Watching Cambodia opens with a visit to the Khmer Rouge zone in 1972, the only one by a western observer before Pol Pot's victory in 1975. But legwork in the rice fields was not enough. Understanding Cambodia is not an easy matter. It requires sifting through mountains of documents, from Angkorian stone inscriptions to Khmer Rouge radio transcripts, as well as reading and evaluating piles of books written by scholars, travelers, journalists, and technicians.
It further requires carefully listening to people from all walks of life: farmers, monks, politicians, guerrilla fighters, teachers, and sometimes killers and their potential victims.
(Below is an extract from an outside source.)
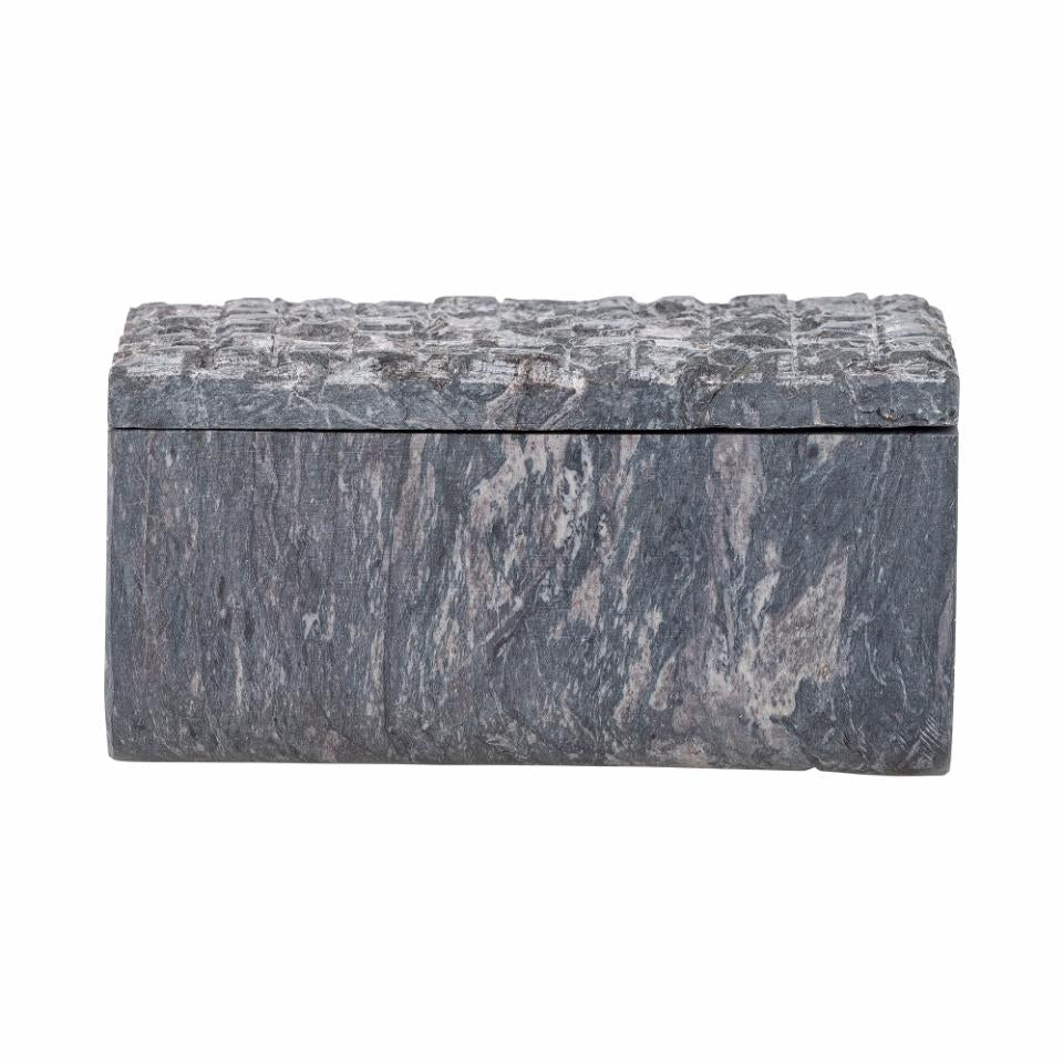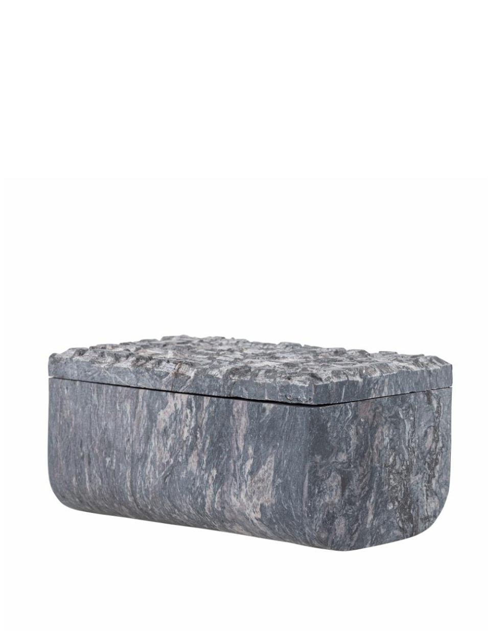 Nubia boks er utskåret i kleberstein med et karakteristisk lokk i rillet struktur. Den polerte overflaten og natursteinens unike årer gjør hver boks helt spesiell – ingen er helt like.

The country is like a labyrinth, and this book explores several entrances. The first such entrance opens onto the agrarian question. Another reveals the lines along which the Khmers organize their political life. Yet a third looks into the interplay between the big powers' political games and internal problems. Finally, the relationship between the Vietnamese and Khmer communists provides another view into the corridors of power.
Events are multi-faceted. The essays contained in this book try to reveal a number of the facets so that the reader can appreciate the labyrinthine nature of the Cambodian experience. But there is no final word, no hidden truth at the end. That would require entering all the gates of the labyrinth at the same time.
Cambodia is a complex society with a complex history. This books upholds a complex approach as the only way to encounter the reality of the Cambodian experience.